1. Победа паламитов, ее значение и следствия

1. Победа паламитов, ее значение и следствия

Острый, а порой и страстный интерес к спорам, происходившим в Византии XIV столетия, — явление сравнительно недавнее. Он вызван более основательным знакомством с рукописями XIV–XV вв., содержащими, как оказалось, в подавляющем большинстве тексты, напрямую относящиеся к этим спорам. По единодушному мнению исследователей, в научный оборот введены новые источники, важные уже тем, что открывают нам особый период в истории византийской мысли.

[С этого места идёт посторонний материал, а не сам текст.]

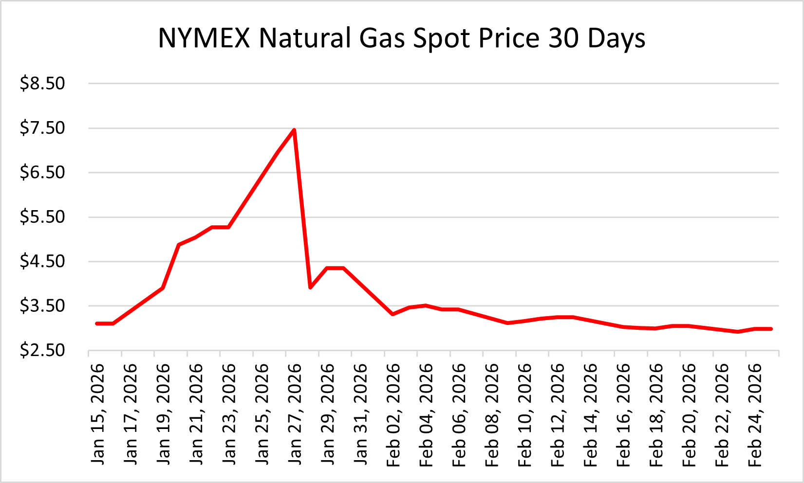 Spot NYMEX Natural Gas fell drastically with the passing of Winter Storm Fern. Fern did not develop into as severe of a storm as some speculators anticipated. Considering the time of year, with the bulk of winter risk behind us, natural gas prices quickly retreated and have held steady at <$3.50.

Печально, однако, что открытие это было сделано в контексте межконфессиональной полемики. «Паламитское досье» во всем его объеме впервые изучил ныне покойный французский ассумпционист[684] Мартэн Жюжи [1878–1954][685]. Обширная эрудиция соединялась у Жюжи с глубокой полемической пристрастностью, обычной для католических деятелей послереформационной эпохи и им самим открыто признаваемой. Его целью было показать, что «схизматическая» церковь, лишенная направляющего воздействия римского магистериума и подпавшая влиянию византийского цезарепапизма, неизбежно впадает в доктринальную путаницу, ярко проявившуюся в одобрении паламизма на соборах.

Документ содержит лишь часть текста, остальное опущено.